HTH straddle positions are structurally neutral / high-volatility (long premium); the modeled P&L assumes European-style exercise at expiration and ignores early assignment, transaction costs, dividends paid before expiry on the stock leg (when present), and the bid-ask spread on the listed chain. HTH positions also carry Financial Services sector concentration risk; news flow inside the sector (peer earnings, regulatory shifts, supply-chain headlines) can move HTH alongside the broader basket even when HTH-specific fundamentals are unchanged. Always rebuild the position from current HTH chain quotes before placing a trade.

Frequently asked questions

What is a straddle on HTH?
A straddle on HTH is the straddle strategy applied to HTH (stock). The strategy is structurally neutral / high-volatility (long premium): A long straddle buys an ATM call and an ATM put at the same strike, profiting from a large move in either direction; max loss equals the combined debit when the underlying pins to the strike at expiration.

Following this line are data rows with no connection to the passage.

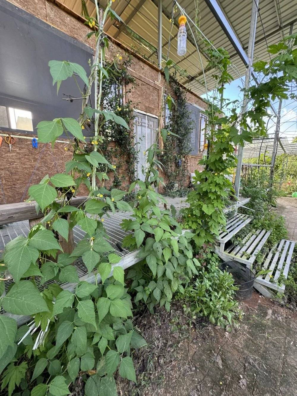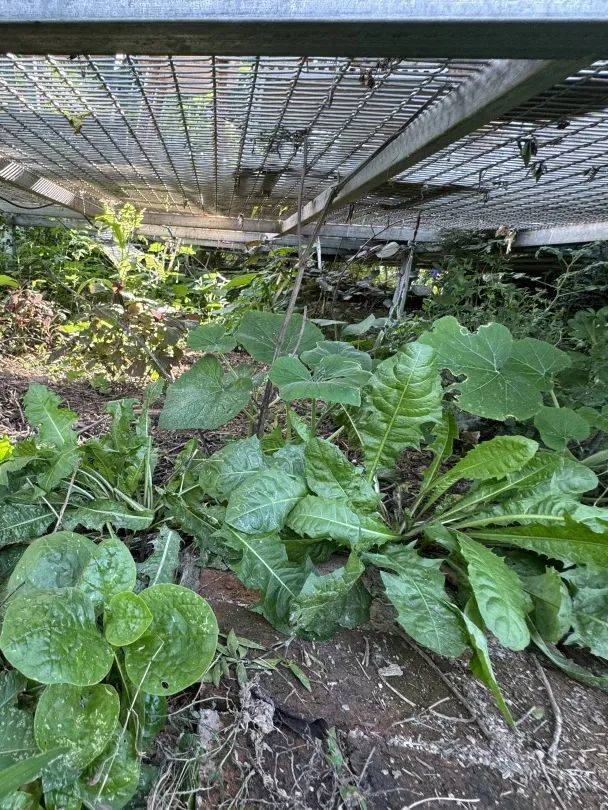 ●“一号”猪屎网下现在的样子,分别有香草、番茄、丝瓜、金盏菊、黄花豆、苦瓜、蒲公英、木耳菜、白菊、紫苏、南瓜。顺着搭好的草绳,爬藤植物会慢慢长上来,一直向上爬,形成一片 “食物的森林”。
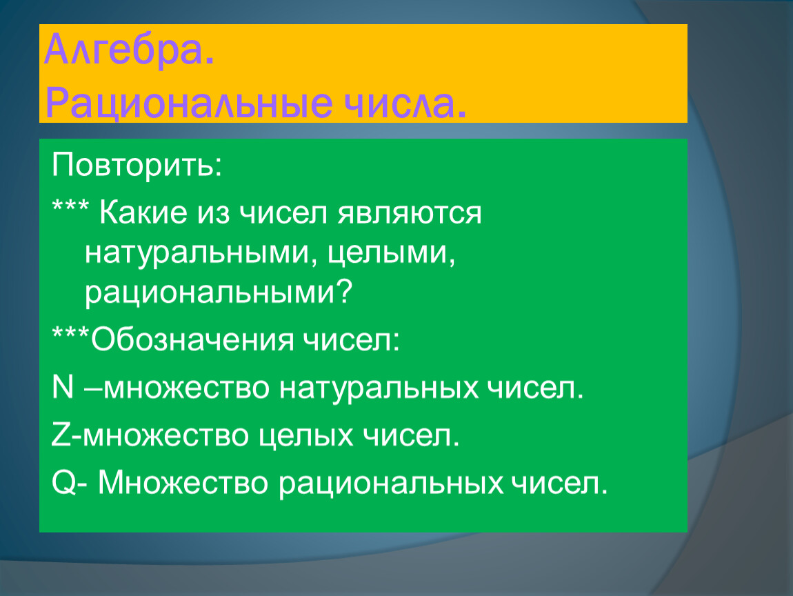 *** Целые числа –натуральные + отрицательные + 0. (1,2,3, …, -1,-2,-3,…, 0).
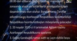 "Bu gün ölkəmiz üçün tarixi bir gündür. Bu gün Ermənistan-Azərbaycan Dağlıq Qarabağ münaqişəsinə son qoyulur". Bizim illərdir gözlədiyimiz, illərdir...
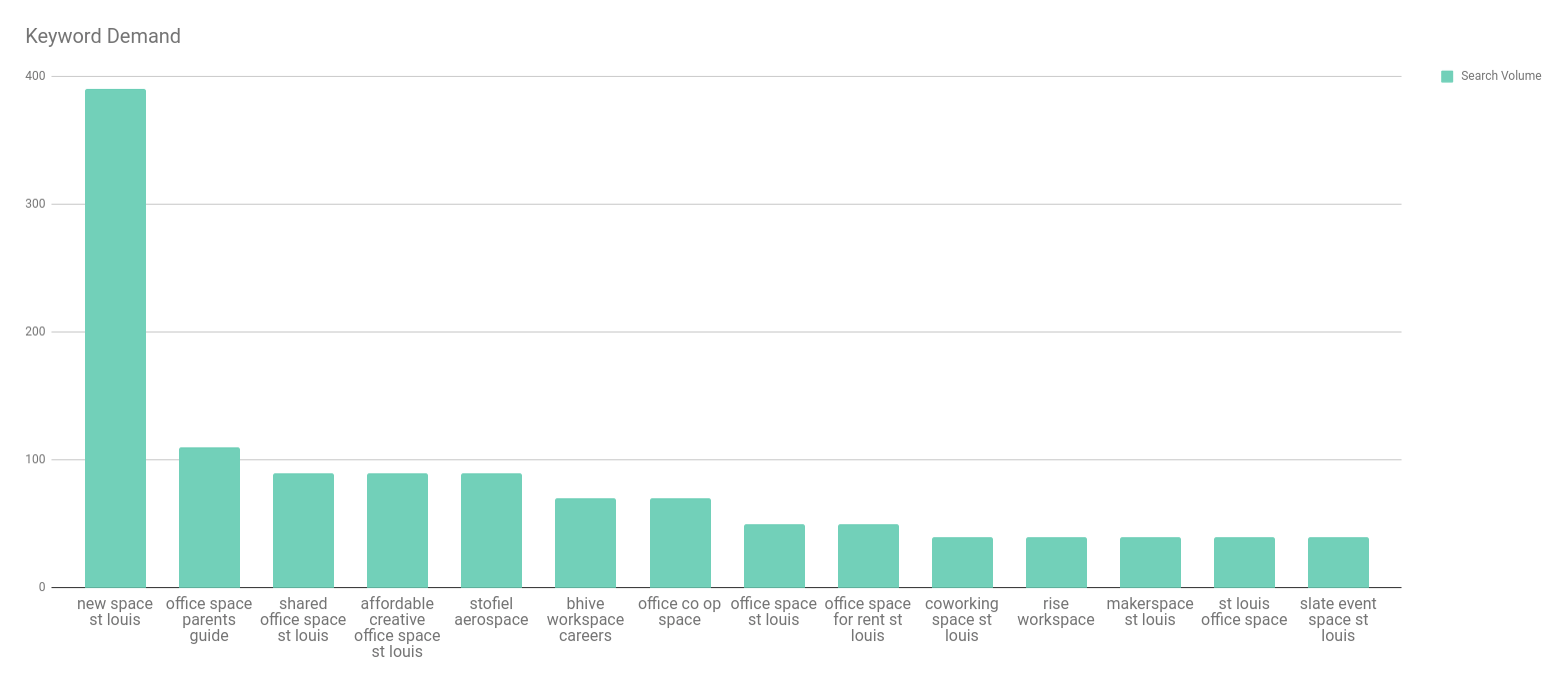 The Pareto Distribution is relevant to your digital presence because search engine results, keywords, and websites follow the same trend. For example, consider the specific search terms associated with any broad search topic, such as “coworking spaces”: general keyword terms will capture the bulk of the traffic, while a large number of more niche keywords will sweep up the rest. See this example from my previous article on using search data to power your writing strategy:
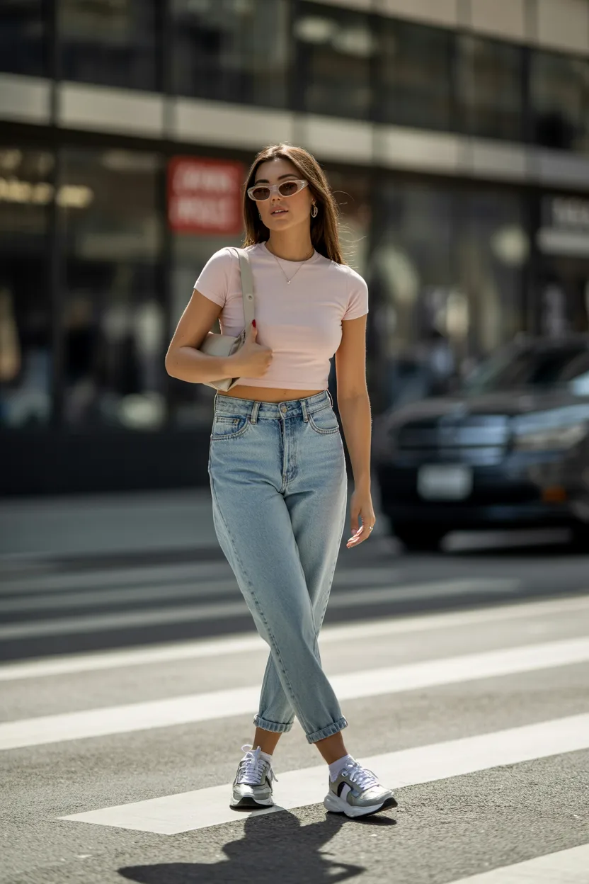 The key here is the fit. You want the tee to feel snug and slightly playful, whether it has a graphic on it or stays plain and simple. The jeans should sit low enough to give that Y2K feel, but they still need to flatter your shape and feel comfortable enough to wear outside your bedroom mirror test.
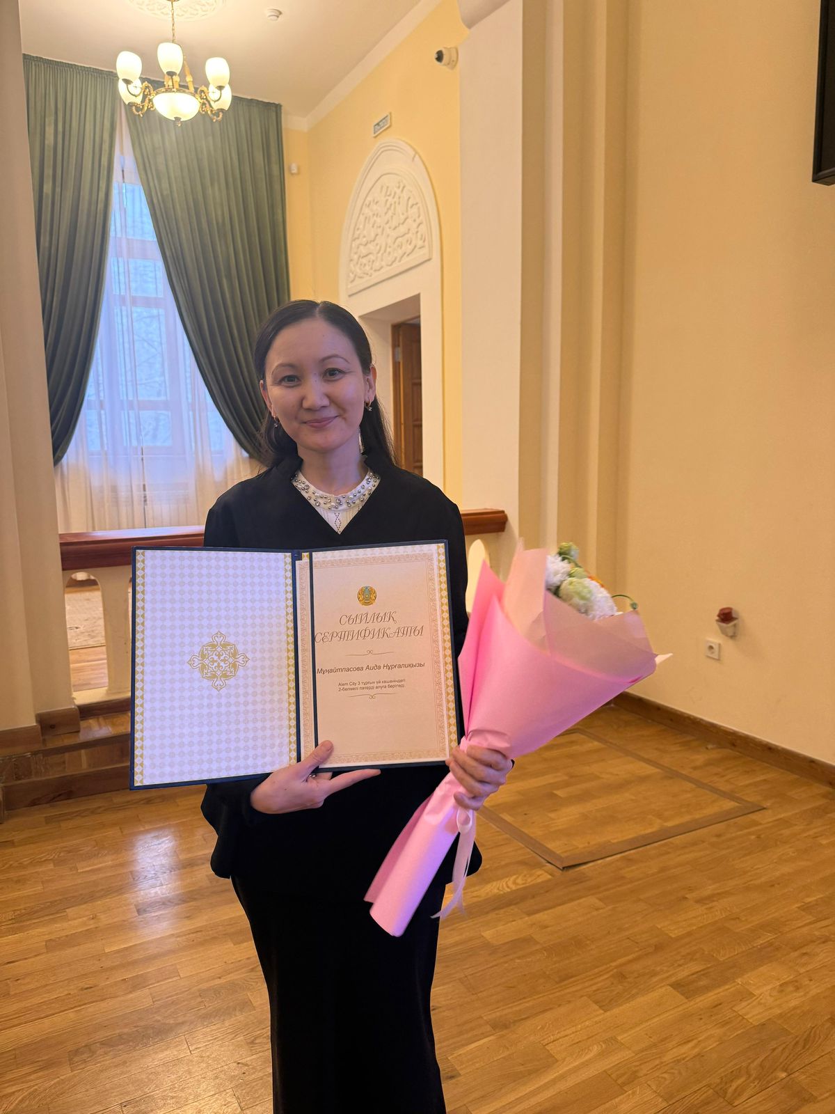 В рамках поручения Главы государства Касым-Жомарта Токаева по развитию отечественной науки и поддержке молодых исследователей 14 молодым ученым были вручены сертификаты на получение квартир. Среди обладателей сертификатов – старший преподаватель Казахского национального университета имени аль-Фараби Аида Мунайтпасова.
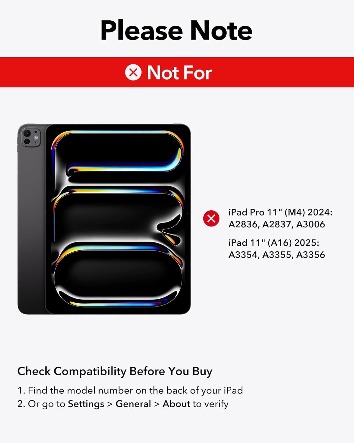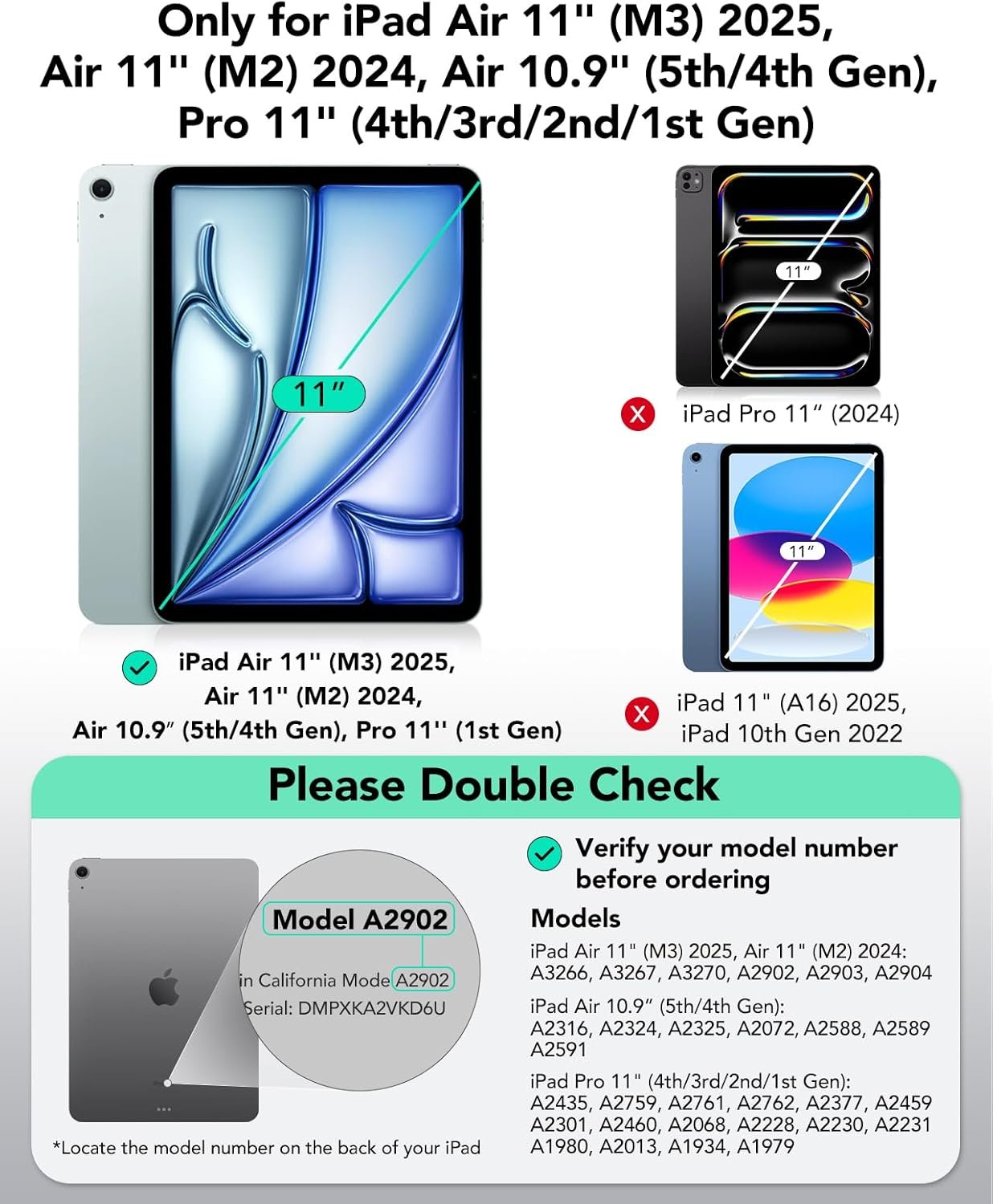 Compatibility: only compatible with iPad Air 11 inch(M3/M2 2025/2024)、 iPad Pro 11 inch (4th/3rd/2nd、 2022/2021/2020/2018)、 iPad Air 5th Generation (2022)、 and iPad Air 4th Generation (2020); models A3266、A3267、A3270、A2902、A2903、A2904、A2759、A2761、A2435、A2762、A2377、A2459、A2301、A2460、A2228、A2068、A2230、A2231、A1980、A2013、A1934、A1979、A2588、A2589、A2591、A2316、A2324、A2325、A2072
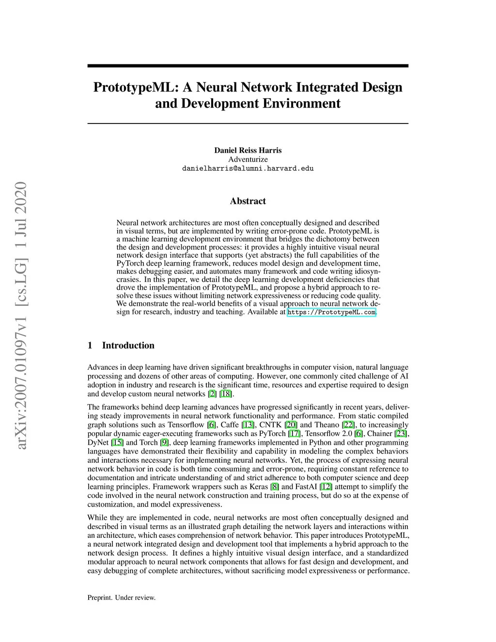 Neural network architectures are most often conceptually designed and described in visual terms, but are implemented by writing error-prone code. PrototypeML is a machine learning development environment that bridges the dichotomy between the design and development processes: it provides a highly intuitive visual neural network design interface that supports (yet abstracts) the full capabilities of the PyTorch deep learning framework, reduces model design and development time, makes debugging easier, and automates many framework and code writing idiosyncrasies. In this paper, we detail the deep learning development deficiencies that drove the implementation of PrototypeML, and propose a hybrid approach to resolve these issues without limiting network expressiveness or reducing code quality. We demonstrate the real-world benefits of a visual approach to neural network design for research, industry and teaching. Available at https://PrototypeML.com

With HTH stock trading near $36.33, the strikes shown on this page are snapped to the nearest listed HTH chain strike and the premiums come straight from the end-of-day bid/ask midpoint.
How are HTH straddle max profit and max loss calculated?
Upside max profit is unbounded; downside max profit is bounded at the strike minus the combined call plus put debit (reached at zero). Max loss equals the combined debit times 100 (reached when the underlying pins to the strike). Two breakevens at strike plus debit and strike minus debit. For the HTH straddle priced from the end-of-day chain at a 30-day expiry (ATM IV 60.50%), the computed maximum profit is unbounded per contract and the computed maximum loss is unbounded per contract. Live intraday quotes will differ as the chain moves through the trading session.
What is the breakeven for a HTH straddle?
The breakeven for the HTH straddle priced on this page is no defined breakeven on the modeled curve at expiration, derived from end-of-day chain premiums. Breakeven is the underlying price at which the strategy's P&L crosses zero ignoring transaction costs and assignment risk. The current HTH market-implied 1-standard-deviation expected move is approximately 17.34%; if the move sits well outside the breakeven distance, the structure's risk-reward becomes correspondingly tighter.
When should you consider a straddle on HTH?
Straddles on HTH are pure-volatility plays that profit from large moves in either direction; traders typically buy HTH straddles ahead of earnings, FDA decisions, or other catalysts where the realized move is expected to exceed the implied move priced into the chain.
How does current HTH implied volatility affect this straddle?
HTH ATM IV is at 60.50% with IV rank near 12.38%, which is on the low end of its 1-year range. Premium-buying structures (long call, long put, debit spreads) are relatively cheap in this regime; premium-selling structures collect less credit per unit risk.